Armed and Caffeinated

If a U.S. soldier's lover in the field is his M-4 assault rifle, his mistress is caffeine.

Caffeinated drinks are some of the best-selling items among military personnel in Iraq, says Judd Anstey, a spokesman for the Army and Air Force Exchange Service. In January alone, the proud and the brave in Iraq purchased 109,177 cans of Red Bull and 32,997 of Monster Energy.

But the soldiers may be missing their true drink of choice.

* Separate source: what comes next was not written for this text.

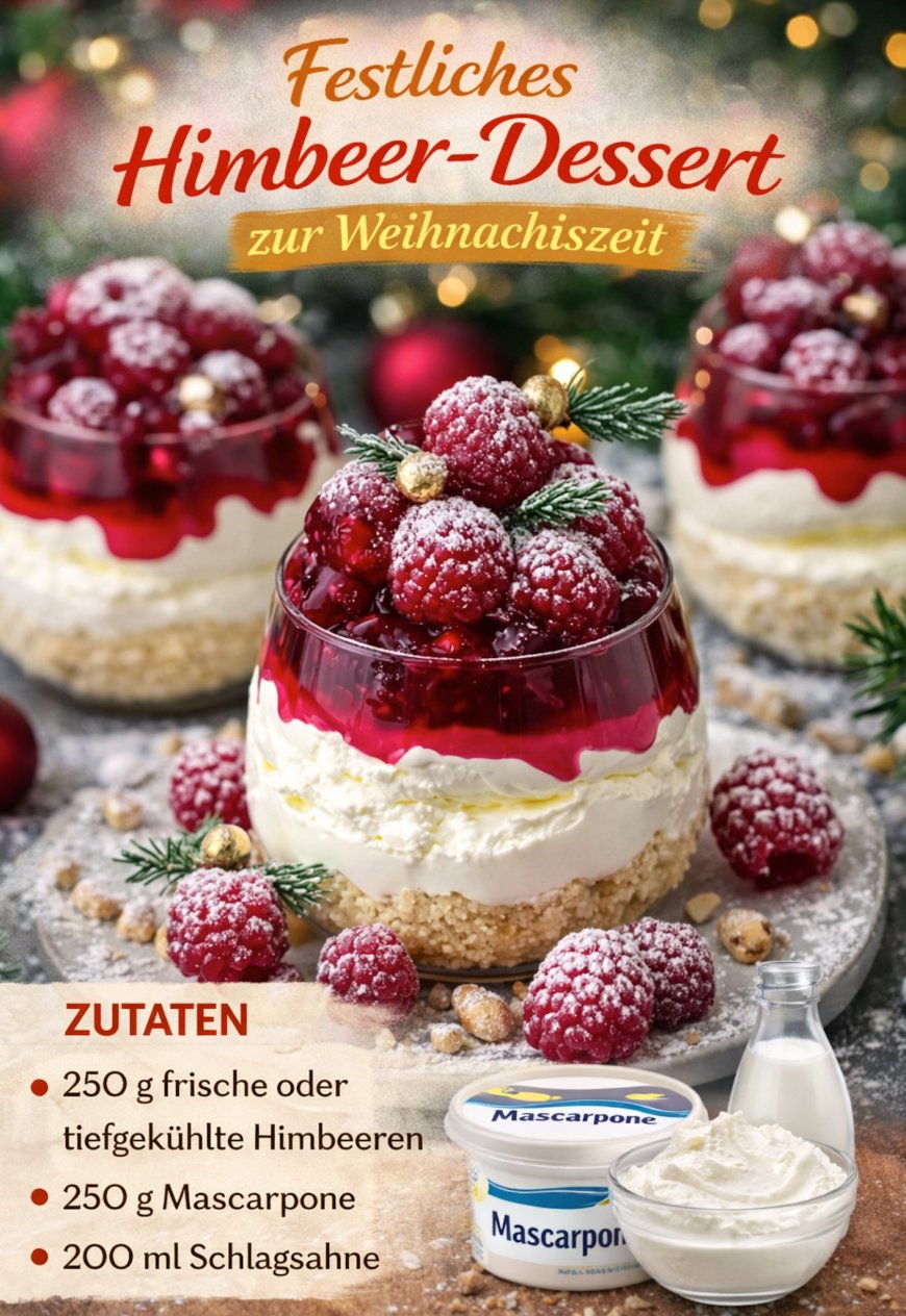 Dieses elegante Himbeer-Dessert im Glas ist ein echter Blickfang auf jeder festlichen Tafel und überzeugt gleichzeitig durch seinen harmonischen Geschmack. Die Kombination aus fruchtig-säuerlichen Himbeeren, einer cremigen Mascarpone-Sahne-Schicht und einem feinen Keksboden sorgt für ein ausgewogenes Dessert, das nicht zu schwer wirkt und dennoch herrlich verwöhnt. Besonders zur Weihnachtszeit passt dieses Dessert ideal, da es sich hervorragend vorbereiten lässt und durch seine Schichtung optisch sehr edel wirkt. Serviert in Gläsern eignet es sich perfekt für Gäste, Feiertage oder das festliche Familienessen.

BAWLS Guarana Military Packs

Miami Beach entrepreneur Hoby Buppert produces BAWLS Guarana, a fizzy drink with a citruslike taste that packs 80 milligrams of caffeine per twelve-ounce serving and has become the favorite elixir for videogamers around the world. (Competitors Red Bull and Monster Energy contain the same amount of caffeine but also include healthy additives such as taurine and vitamin B. BAWLS is essentially caffeine and sugar, which some soldiers prefer.)

"We've been receiving dozens of e-mails every day from military personnel asking [for BAWLS]," Buppert says. But the ornate blue bottles were too heavy and fragile to ship overseas — the entrepreneur's hands were tied.

So in December he unveiled the BAWLS Military Pack, which includes six cans of BAWLS, a tin of BAWLS caffeinated mints, BAWLS Balm Lip Care, and (but of course) BAWLS Camo Playing Cards.

The military packs sell for fifteen dollars plus shipping, and must be addressed to a military post office box. On December 13, 2005, the first day they became available, BAWLS received 1300 online orders.

"We don't make money on this," Buppert says. "We do it to be supportive of our loyal consumers."